#### [Records provided]
★ ★ ★

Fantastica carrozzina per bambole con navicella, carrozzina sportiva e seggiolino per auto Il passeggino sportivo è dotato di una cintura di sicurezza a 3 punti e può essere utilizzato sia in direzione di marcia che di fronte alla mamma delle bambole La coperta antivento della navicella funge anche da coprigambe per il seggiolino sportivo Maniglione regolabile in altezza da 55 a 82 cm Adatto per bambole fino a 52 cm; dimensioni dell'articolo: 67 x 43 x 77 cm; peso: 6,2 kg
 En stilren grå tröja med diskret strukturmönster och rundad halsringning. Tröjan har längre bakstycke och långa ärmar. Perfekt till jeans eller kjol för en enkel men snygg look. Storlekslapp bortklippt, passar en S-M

★ ★ ★

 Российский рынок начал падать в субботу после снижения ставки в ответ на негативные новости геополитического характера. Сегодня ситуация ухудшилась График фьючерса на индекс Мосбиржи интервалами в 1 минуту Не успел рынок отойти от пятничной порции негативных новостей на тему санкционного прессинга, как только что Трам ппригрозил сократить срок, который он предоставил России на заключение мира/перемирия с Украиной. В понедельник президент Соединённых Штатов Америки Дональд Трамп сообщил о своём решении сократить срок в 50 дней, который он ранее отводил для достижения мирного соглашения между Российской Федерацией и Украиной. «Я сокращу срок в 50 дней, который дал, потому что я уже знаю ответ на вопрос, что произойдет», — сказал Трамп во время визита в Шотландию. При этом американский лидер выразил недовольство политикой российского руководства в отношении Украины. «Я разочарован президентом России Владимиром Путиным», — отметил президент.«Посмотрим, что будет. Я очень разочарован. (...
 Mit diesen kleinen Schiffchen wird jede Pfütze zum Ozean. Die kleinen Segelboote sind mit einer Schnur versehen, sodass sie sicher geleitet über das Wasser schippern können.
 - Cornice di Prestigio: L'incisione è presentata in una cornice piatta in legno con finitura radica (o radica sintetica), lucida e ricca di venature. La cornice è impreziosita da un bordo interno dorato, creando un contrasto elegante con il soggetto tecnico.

★ ★ ★

Starting with the line that holds "Fantastica carrozzina per" and ending with the line that holds "En stilren grå", retype every line in the data above exactly, and nothing else.

#### [Worked solution]
Fantastica carrozzina per bambole con navicella, carrozzina sportiva e seggiolino per auto Il passeggino sportivo è dotato di una cintura di sicurezza a 3 punti e può essere utilizzato sia in direzione di marcia che di fronte alla mamma delle bambole La coperta antivento della navicella funge anche da coprigambe per il seggiolino sportivo Maniglione regolabile in altezza da 55 a 82 cm Adatto per bambole fino a 52 cm; dimensioni dell'articolo: 67 x 43 x 77 cm; peso: 6,2 kg
 En stilren grå tröja med diskret strukturmönster och rundad halsringning. Tröjan har längre bakstycke och långa ärmar. Perfekt till jeans eller kjol för en enkel men snygg look. Storlekslapp bortklippt, passar en S-M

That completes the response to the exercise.